Government-Owned Inventions; Availability for Licensing, 17699-17702 [05-6895]

Agencies

• DEPARTMENT OF HEALTH AND HUMAN SERVICES
• National Institutes of Health

[Federal Register Volume 70, Number 66 (Thursday, April 7, 2005)]
[Notices]
[Pages 17699-17702]
From the Federal Register Online via the Government Printing Office [www.gpo.gov]
[FR Doc No: 05-6895]


-----------------------------------------------------------------------

DEPARTMENT OF HEALTH AND HUMAN SERVICES

National Institutes of Health


Government-Owned Inventions; Availability for Licensing

AGENCY: National Institutes of Health, Public Health Service, DHHS.

ACTION: Notice.

-----------------------------------------------------------------------

SUMMARY: The inventions listed below are owned by an agency of the U.S. 
Government and are available for licensing in the U.S. in accordance 
with 35 U.S.C. 207 to achieve expeditious commercialization of results 
of federally-funded research and development. Foreign patent 
applications are filed on selected inventions to extend market coverage 
for companies and may also be available for licensing.

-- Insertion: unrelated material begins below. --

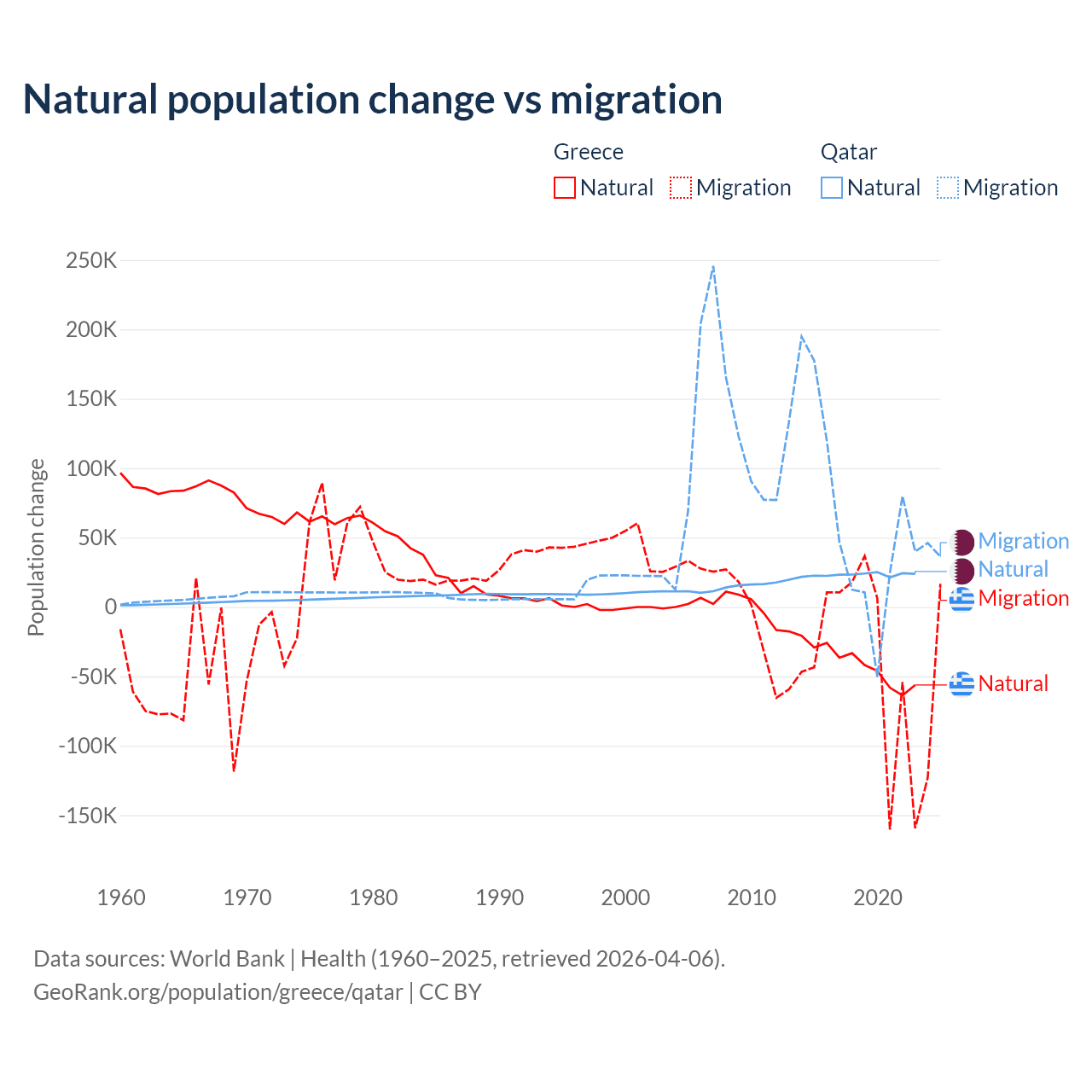 Over the last 10 years, 51.9% of the population change in Greece is from natural causes (a loss of 411,426 people) and 48.1% is from migration (a loss of 381,824 people). In Qatar 26.1% is from natural causes (a gain of 232,009 people) and 73.9% is from migration (a gain of 655,712 people).

ADDRESSES: Licensing information and copies of the U.S. patent 
applications listed below may be obtained by writing to the indicated 
licensing contact at the Office of Technology Transfer, National 
Institutes of Health, 6011 Executive Boulevard, Suite 325, Rockville, 
Maryland 20852-3804; telephone: 301/496-7057; fax: 301/402-0220. A 
signed Confidential Disclosure Agreement will be required to receive 
copies of the patent applications.

Methods for High-Efficiency Single Genome Sequencing of HIV

Drs. John Coffin, Mary Kearney, Frank Maldarelli and Sarah E. Palmer 
(NCI), et al.
U.S. Provisional Application filed 25 Jan 2005 (DHHS Reference No. E-
022-2005/0-US-01).
Licensing Contact: Sally Hu; 301/435-5606; hus@mail.nih.gov.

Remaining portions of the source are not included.